Suddenly, Rows Can Now Have Meaning

We all know about ChatGPT. It’s profoundly expanding the possibility of creating some very smart systems. Pervasive and near-free access to LLMs (large language models) inch us closer to AGI (artificial general intelligence), which can be applied to apps and data in several ways.

Airtable, of course, is readily able to enjoy the benefits that services such as OpenAI provide to developers. Integrating the power of LLMs for text and code completion is almost trivial. These are magical capabilities, but they aren’t the only capabilities.

Most AI experts and analysts agree - AI will become pervasive in all solutions, and the ones that create the greatest customer value will blend application data, user context, and LLMs to create extremely relevant and powerful outcomes.

Rows That Have Meaning

Airtable search is not a pleasant experience at all. The findability of discrete records in a table is terrible. Locating key data across multiple tables and bases is almost impossible. I have explored this challenge with several clients, and I’m kinda thrilled to say all of that work is now obsolete. This paper needs to be burned.

Imagine if we could quickly capture the meaning of a row.

LLM embeddings make this possible. Embeddings are vectors, a fancy term for complex numeric tuples or arrays. It’s possible to get a vector for an Airtable record. The vector is a formidable representation of meaning because it is derived by associating your data with all the vectors in an LLM.

By building a simple string of key field values in a table row and using that to determine its word vectors within a model such as OpenAI’s text-embedding-ada-002 LLM, you will know the meaning of that row. But to make this approach into a solution, you need a few more pieces of machinery; a vector datastore.

Vector databases (like Pinecone and Weaviate) have been around for a while. Still, you’ll soon hear a lot more about them because they are necessary to store the natural language essence of any information.

Opinion: If Airtable were on its game, it would already have a vector data store baked into its architecture, but sadly, I predict it will try to solve the search and findability crisis with a Lucene-like architecture that I said should now be burned.

I’m using Airtable data, vectors, and LLMs like this.
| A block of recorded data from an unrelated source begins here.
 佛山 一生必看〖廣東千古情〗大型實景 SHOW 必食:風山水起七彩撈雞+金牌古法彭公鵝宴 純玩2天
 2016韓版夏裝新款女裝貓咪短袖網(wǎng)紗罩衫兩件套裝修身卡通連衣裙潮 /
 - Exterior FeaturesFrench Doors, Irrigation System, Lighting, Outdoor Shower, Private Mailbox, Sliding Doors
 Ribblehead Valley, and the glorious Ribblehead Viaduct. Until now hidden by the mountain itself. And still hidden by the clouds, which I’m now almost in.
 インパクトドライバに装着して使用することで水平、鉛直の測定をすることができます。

It’s a bold and profoundly powerful experience when users can employ natural language to locate their own information. Or to discover related information without describing relationships through linked records.

4 Likes

Is this a solution that you have built and is working right now today? Finding information with natural language across multiple tables? :exploding_head:

The concept of vector databases has also just blow my mind…

Yeah, in production since late 2022.

Yeah, if two records from two different tables have similar vectors, they will score well when you vectorize a common natural language reference and perform a vector query. The vector store doesn’t care that two records are from two different tables or even different tables in different bases. Given a vector query like "show me records about client (x), It has pointers to client (x) and meta values that identify each source with base, table, and record IDs.
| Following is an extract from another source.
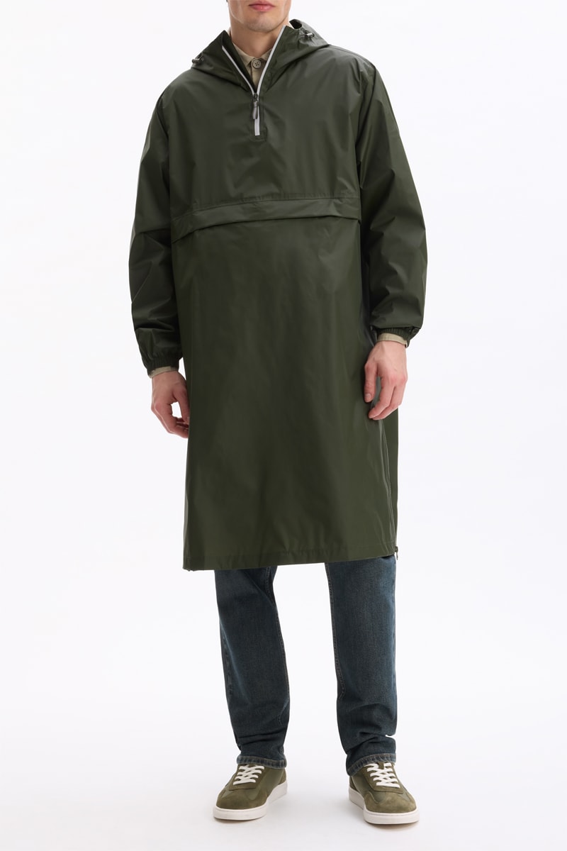 Parca com capuz com atilhos de ajuste e travões de cordão.

You sound like you’ve already applied this into your bases, do you have some concrete example where search was used, and was more efficient? I’m curious!

Yes. Just three bases so far.

No. Not without breaching NDAs. But, let’s be clear, you don’t have to be good at search to be more efficient than Airtable’s current search feature. Here’s as concrete as I can get.
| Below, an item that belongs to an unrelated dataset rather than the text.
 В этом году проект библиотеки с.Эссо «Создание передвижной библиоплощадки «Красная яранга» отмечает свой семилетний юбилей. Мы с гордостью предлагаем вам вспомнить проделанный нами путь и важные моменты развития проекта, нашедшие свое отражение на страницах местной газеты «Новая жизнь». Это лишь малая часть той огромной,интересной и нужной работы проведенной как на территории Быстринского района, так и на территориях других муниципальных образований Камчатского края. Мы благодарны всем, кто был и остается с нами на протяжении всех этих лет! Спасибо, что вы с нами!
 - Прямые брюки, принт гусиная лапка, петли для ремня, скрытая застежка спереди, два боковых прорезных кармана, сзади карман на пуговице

Imagine a record contains four fields with these exact terms:

  1. I-15 @ Sahara (option list)
  2. daily count (option list)
  3. northbound (option list)
  4. 2023-03-13 (date selector)

And my search query is:

Show me today’s volume for Interstate 15 north.

It will link me to that exact record. How does it do this? Simple - with word vectors. The record itself was automatically vectorized in the vector database when it was last changed. The query was vectorized when it was asked. The query’s vectors were compared with all the vectors in the vector database, and the top scores were presented to me much the way Google search does. The record I sought had the highest score, and the inference was 86% confidence.

This approach sidesteps full-text and wildcard searches by adding inferred similarities that are impossible with inverted index architectures. This is why Google’s search business is at risk and why embeddings will likely put a big dent in findability across many apps.

2 Likes

Makes me feel like AI will change the web interface too. We don’t need web-pages for people to read and search. They have been designed for people to look at them. And we don’t need directories with search results like Google. Alta Vista baby. We just want the one answer (okay, maybe 3 top choices). You are probably very much right with today’s advertisement based search business advertisement based model will be gone and this is giving Google shivers.

This is correct. We live in a world that started with paper (~5,000BC), and despite many attempts to stop killing trees to make paper, we still consume more paper every year. But we are a digital species now, and the web reflects our apparent affinity for reading words.

Much like the web, roadways have been designed for humans with eyes. We use signage, curbs, and lane indicators to navigate much the way we use words to navigate the web. When cars reach full self-driving capability, will we rip up the roads? Um, no.

When AGI can extract almost everything we need from the web, will we dismantle it?